### What is being asked:
The first line of the entries and each line after it, through the one that contains "MOSAICO DE FLORES 770T.150.616.055.M", are to be duplicated exactly; no picture belongs in the copy.

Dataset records
*** Block opens ***

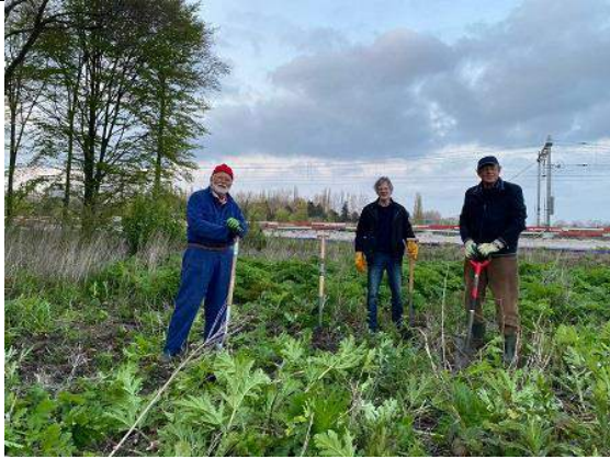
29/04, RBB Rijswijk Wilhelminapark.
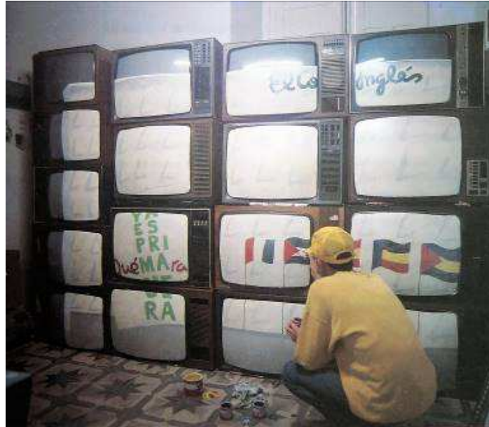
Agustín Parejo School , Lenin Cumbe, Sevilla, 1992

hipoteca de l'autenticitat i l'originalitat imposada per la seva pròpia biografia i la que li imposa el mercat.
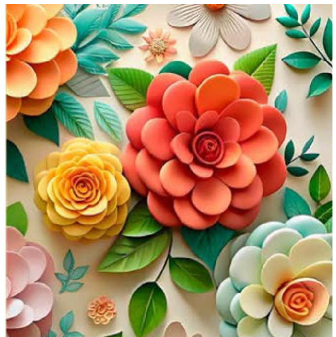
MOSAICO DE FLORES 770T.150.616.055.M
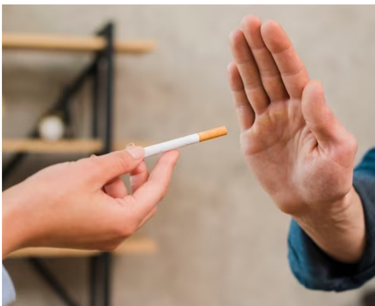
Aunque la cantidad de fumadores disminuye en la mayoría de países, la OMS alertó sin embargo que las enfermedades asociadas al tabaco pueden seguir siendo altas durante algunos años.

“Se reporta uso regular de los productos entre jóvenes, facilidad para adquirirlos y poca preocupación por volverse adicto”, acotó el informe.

*** Block closes ***

### Task solution:
29/04, RBB Rijswijk Wilhelminapark.
Agustín Parejo School , Lenin Cumbe, Sevilla, 1992

hipoteca de l'autenticitat i l'originalitat imposada per la seva pròpia biografia i la que li imposa el mercat.
MOSAICO DE FLORES 770T.150.616.055.M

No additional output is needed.